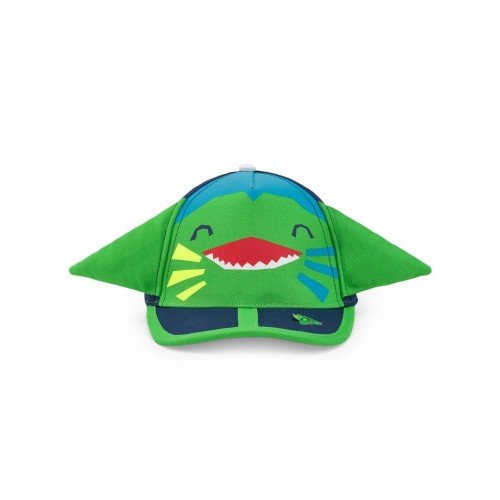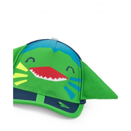 Green peaked cap decorated with a smiley face design and ear appliqués on the sides.
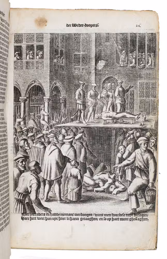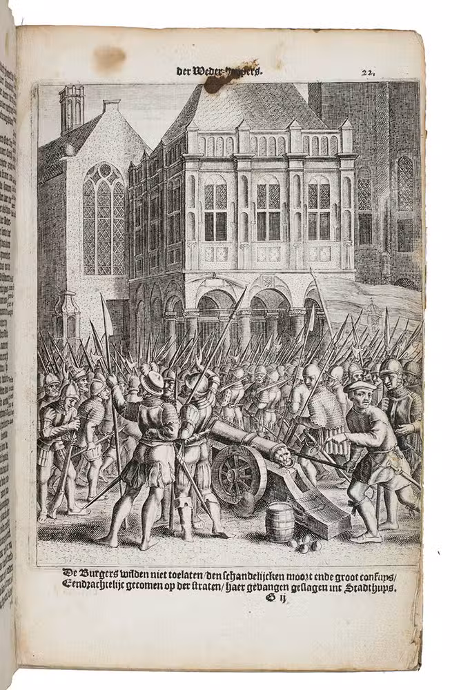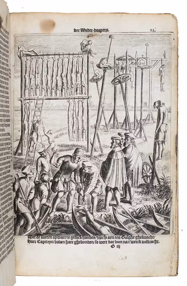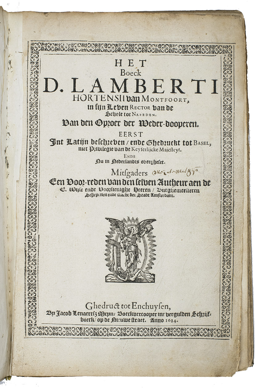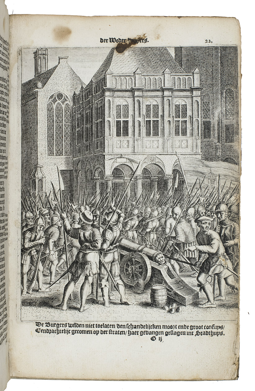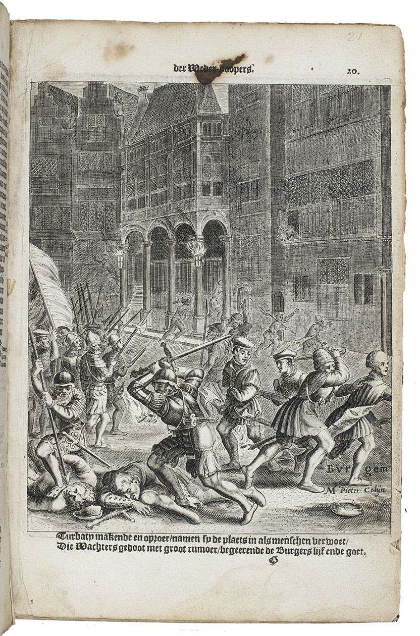 The first Dutch edition (in the first state) of a detailed and graphic description of the Anabaptist attempt to establish a sectarian government in Münster, known as the Münster Rebellion, 1534-1535. The work includes a description of the Amsterdam Riots and is dedicated by the printer to the city council of Enkhuizen and by the author to the council of Amsterdam. The fine, anonymous plates vividly illustrate the persecution and subsequent execution of the Annabaptists. The plate on leaf 3 is erroneously repeated on leaf 5; in later states this error has been corrected.
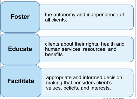 Advocacy in case management is fundamentally other-regarding and client empowering. As much as possible, your advocacy consists of enabling clients/support systems to navigate their world according to their values, beliefs, culture, and interests.
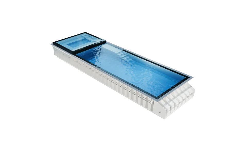 - Sisältää sisäänrakennetut lamelliverhot ylimitoitetun rannan alla – rantavyöhykkeellä on sisäänrakennetut portaat

* Task requirements *
Before copying the data, remove the pictures. Then repeat the rest exactly.

* Answer *
 Green peaked cap decorated with a smiley face design and ear appliqués on the sides.
 The first Dutch edition (in the first state) of a detailed and graphic description of the Anabaptist attempt to establish a sectarian government in Münster, known as the Münster Rebellion, 1534-1535. The work includes a description of the Amsterdam Riots and is dedicated by the printer to the city council of Enkhuizen and by the author to the council of Amsterdam. The fine, anonymous plates vividly illustrate the persecution and subsequent execution of the Annabaptists. The plate on leaf 3 is erroneously repeated on leaf 5; in later states this error has been corrected.
 Advocacy in case management is fundamentally other-regarding and client empowering. As much as possible, your advocacy consists of enabling clients/support systems to navigate their world according to their values, beliefs, culture, and interests.
 - Sisältää sisäänrakennetut lamelliverhot ylimitoitetun rannan alla – rantavyöhykkeellä on sisäänrakennetut portaat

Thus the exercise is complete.